[[ DATA RECORDS open ]]
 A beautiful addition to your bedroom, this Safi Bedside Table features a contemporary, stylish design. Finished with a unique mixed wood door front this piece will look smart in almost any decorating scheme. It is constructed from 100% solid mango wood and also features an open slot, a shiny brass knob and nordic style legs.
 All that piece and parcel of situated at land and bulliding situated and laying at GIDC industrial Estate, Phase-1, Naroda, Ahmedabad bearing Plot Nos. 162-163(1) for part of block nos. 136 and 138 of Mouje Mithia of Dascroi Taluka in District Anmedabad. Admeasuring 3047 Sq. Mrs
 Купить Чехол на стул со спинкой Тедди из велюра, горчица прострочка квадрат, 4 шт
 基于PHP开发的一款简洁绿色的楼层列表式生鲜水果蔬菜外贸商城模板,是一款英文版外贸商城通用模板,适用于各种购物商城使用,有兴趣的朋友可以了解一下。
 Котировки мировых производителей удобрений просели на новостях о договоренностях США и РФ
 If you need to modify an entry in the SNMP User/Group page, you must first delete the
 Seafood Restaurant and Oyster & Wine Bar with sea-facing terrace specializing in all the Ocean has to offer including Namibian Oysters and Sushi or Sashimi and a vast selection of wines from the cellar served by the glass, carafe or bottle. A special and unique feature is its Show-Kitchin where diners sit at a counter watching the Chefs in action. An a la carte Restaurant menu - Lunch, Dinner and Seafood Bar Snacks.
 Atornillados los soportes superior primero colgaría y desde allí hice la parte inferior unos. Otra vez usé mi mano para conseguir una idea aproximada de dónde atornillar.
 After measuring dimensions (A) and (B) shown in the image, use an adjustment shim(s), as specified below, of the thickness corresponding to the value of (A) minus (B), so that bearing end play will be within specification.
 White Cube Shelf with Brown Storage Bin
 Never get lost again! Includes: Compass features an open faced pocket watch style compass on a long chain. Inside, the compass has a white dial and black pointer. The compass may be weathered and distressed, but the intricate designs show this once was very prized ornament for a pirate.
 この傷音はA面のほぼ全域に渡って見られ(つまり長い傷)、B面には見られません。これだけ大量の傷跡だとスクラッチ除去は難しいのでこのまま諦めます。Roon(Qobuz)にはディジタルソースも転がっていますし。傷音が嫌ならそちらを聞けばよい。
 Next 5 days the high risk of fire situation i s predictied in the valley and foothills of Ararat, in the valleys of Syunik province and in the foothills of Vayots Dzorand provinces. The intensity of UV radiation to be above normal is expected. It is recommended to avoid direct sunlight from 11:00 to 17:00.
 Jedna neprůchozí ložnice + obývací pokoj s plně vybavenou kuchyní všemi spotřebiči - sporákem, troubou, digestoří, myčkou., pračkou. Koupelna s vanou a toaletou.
[[ DATA RECORDS closed ]]
» **TASK DESCRIPTION**: For this exercise, please output exactly the lines above starting at the line with "After measuring dimensions" and ending at the line with "Never get lost", ends included.

» **FINAL ANSWER**:
 After measuring dimensions (A) and (B) shown in the image, use an adjustment shim(s), as specified below, of the thickness corresponding to the value of (A) minus (B), so that bearing end play will be within specification.
 White Cube Shelf with Brown Storage Bin
 Never get lost again! Includes: Compass features an open faced pocket watch style compass on a long chain. Inside, the compass has a white dial and black pointer. The compass may be weathered and distressed, but the intricate designs show this once was very prized ornament for a pirate.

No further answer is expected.